Washington County is one of five Oregon counties providing a pilot program to prevent children from entering the foster care system as a result of incarcerated parents. The program is also designed to promote reunification of families and reduce the likelihood of further involvement in the criminal justice system.
Media release

For Immediate Release: Thursday, May 17, 2018

Sponsored by: Community Corrections Department, Probation and Parole Services Division

Washington County One of Five Oregon Counties to Pilot Family Sentencing Alternative Program


The Family Sentencing Alternative Pilot Program (FSAPP) was created in 2015 by the Oregon legislature in a comprehensive effort to divert custodial parents facing one year or more of prison time into community-based intensive supervision and supports. The program is designed to promote reunification of families, prevent children from entering the foster care system and reduce the likelihood of further involvement in the criminal justice system by the individuals or their children.

In 2016, Washington County was chosen as one of five Oregon counties to pilot this 10-year initiative, working closely with the Oregon Department of Corrections (DOC) and Department of Human Services (DHS) to administer the program and evaluate the outcomes. The participating counties which also include Deschutes, Jackson, Marion and Multnomah, each receive State funds to cover the costs of a probation officer to manage the additional, specialized caseload and to pay for treatment and housing costs associated with the program. In July of 2017, all were awarded a one-year continuation after demonstrating support for FSAPP from local leaders in the criminal justice system including their sheriff, district attorney, presiding judge and a representative of the defense bar.

Since it launched in April of 2016, Washington County's FSAPP, administered by Community Corrections, has served 36 corrections clients and 70 of their children, including 29 children who were directly diverted from non-relative placement in foster care. While the majority of the clients are women, a few have been men.

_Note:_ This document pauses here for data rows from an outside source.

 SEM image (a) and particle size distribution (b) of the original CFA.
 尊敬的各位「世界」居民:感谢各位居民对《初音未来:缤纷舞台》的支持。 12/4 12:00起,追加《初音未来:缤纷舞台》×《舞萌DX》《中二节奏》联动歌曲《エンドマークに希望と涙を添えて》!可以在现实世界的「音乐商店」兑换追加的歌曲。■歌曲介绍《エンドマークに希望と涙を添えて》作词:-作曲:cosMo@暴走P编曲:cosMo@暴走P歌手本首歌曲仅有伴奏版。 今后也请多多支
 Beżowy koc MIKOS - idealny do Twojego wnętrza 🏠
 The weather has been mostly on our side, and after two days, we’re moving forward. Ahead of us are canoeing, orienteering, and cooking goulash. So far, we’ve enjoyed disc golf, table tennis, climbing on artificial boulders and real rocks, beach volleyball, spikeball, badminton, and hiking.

Potential participants are carefully screened by Probation Officer Erin Gladstone for eligibility based on their criminal history and referrals from various system partners. (Those with current convictions for felony person crimes or any convictions for sex crimes are not eligible.) Close collaboration with DHS Child Welfare is necessary to confirm eligibility and ensure that the children's needs are included in case planning. According to Community Corrections Program Supervisor Sheila Clark, "Our strong, existing partnerships with the District Attorney's Office, DHS, CODA Recovery Center, Bridges to Change and House of Hope have been invaluable in creating a multidisciplinary team approach which provides a network of supportive services and strong accountability."

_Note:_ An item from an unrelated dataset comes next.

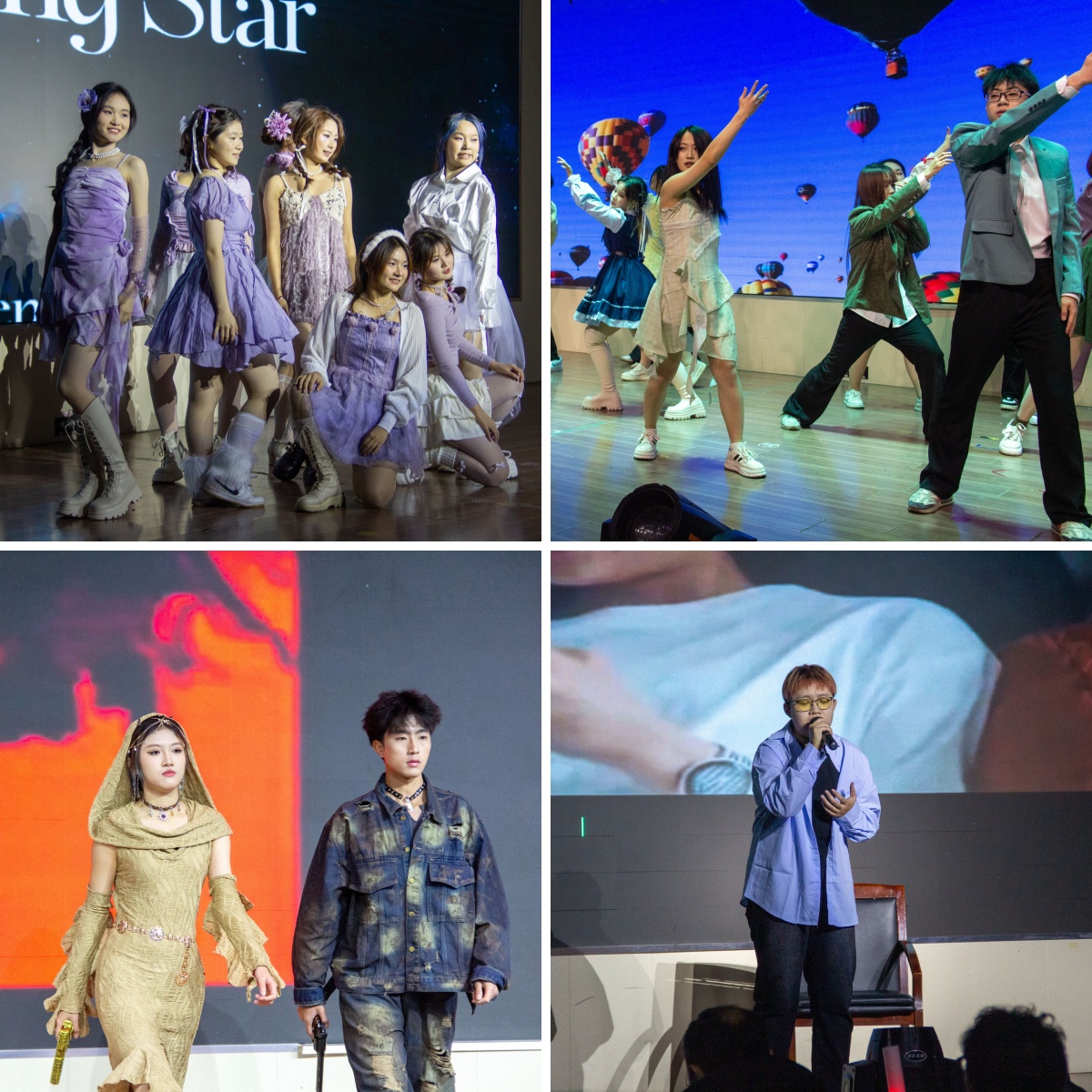 晚会分为三大篇章,共十一道节目,涵盖了声乐、器乐、舞蹈、小品、相声等多种艺术形式,充分展现了机电学子广博的文艺才华与蓬勃的青春活力。晚会在辅导员杨治宽与李一杰深情演绎的《海阔天空》中拉开序幕,那激昂的旋律瞬间点燃了现场的氛围,也激励着机电学子们无惧前路、追求理想。

Once accepted, clients undergo risk and needs assessments to guide the development of an individualized case plan which includes treatment and other services deemed appropriate for each person. Participants are required to commit to the program for at least 12 months of intensive supervision and are assessed for placement in alcohol and drug treatment, parenting skills classes, mental health services, trauma-related care and life skills training. Each client is required to participate in small groups which provide staff and peer support. They are encouraged to take responsibility for their criminal behavior, provide community service, find pro-social employment and seek additional educational opportunities.

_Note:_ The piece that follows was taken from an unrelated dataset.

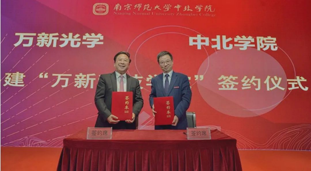 近年来,万新光学集团积极开展产教融合创新办学模式和实践,针对产业内学校眼视光学专业,强化校企合作。2011 年成立万新学苑以来,长期与南京医科大学、南京中医药大学、金陵科技学院、中山大学、西南大学、哈尔滨工业大学、上海大学、惠州卫生职业技术学院、镇江高等专科学校等多家高等院校,建立合作关系,开展企业互动、实施人才互培计划。公司借智创新,先后与中科院理化技术研究所、哈尔滨工业大学、中国医科大学、江苏大学等20 多家高校、科研院所建立产学研合作。同时,万新光学是 13 家高校指定的校外科研基地,重点开展新材料的应用研究与国产化开发、眼镜光学特性延伸研究与功能性视光学技术产品的研发、产品制造工艺的优化与自动化生产装备的研发。

Six of the 36 offenders served to date in Washington County have been revoked and sentenced to prison for committing new crimes or violating the terms of their probation. Even so, Community Corrections Director Steve Berger considers the program to be an overall success for Washington County, and the State in general. "Even if you only look at the financial impact of keeping 29 children out of foster care, that adds up to more than $770,000 in cost avoidance for just one year alone, not to mention the prison costs avoided," said Berger. "Many other outcomes are being continuously measured but we know that this program has increased engagement and motivated our clients to do the hard, life-changing work required to be better people and perhaps most importantly, better parents. We know that children of incarcerated parents face extreme challenges related to their mental health, social behavior and educational success. Anything we can do to prevent that type of trauma—while keeping the community safe within this level of intensive supervision and support—is a huge win."

Recently, Officer Gladstone was invited to co-present at the nation's first ever National Children of Incarcerated Parents Conference held at Arizona State University in April. Joined by Oregon Dept. of Corrections Assistant Director Jeremiah Stromberg and Counselor Marnie Sadek, MA, LMFT, of CODA Inc. Recovery Centers, the three were given an opportunity to share Oregon's preliminary results associated with FSAPP. According to Gladstone, more and more communities across the nation are taking notice of the approach and seeking to replicate it. "This is really an innovative and cost-effective way to reduce the number of children entering foster care, reduce childhood trauma and stabilize at-risk families. In my previous job at DHS Child Welfare, I saw firsthand how stressful and stigmatizing it is for kids who have parents in jail. What we're doing now isn't new but I think we'll see more and more communities opting for this type of sentencing alternative as a best practice based on positive results from Oregon and other states that have tried it," said Gladstone.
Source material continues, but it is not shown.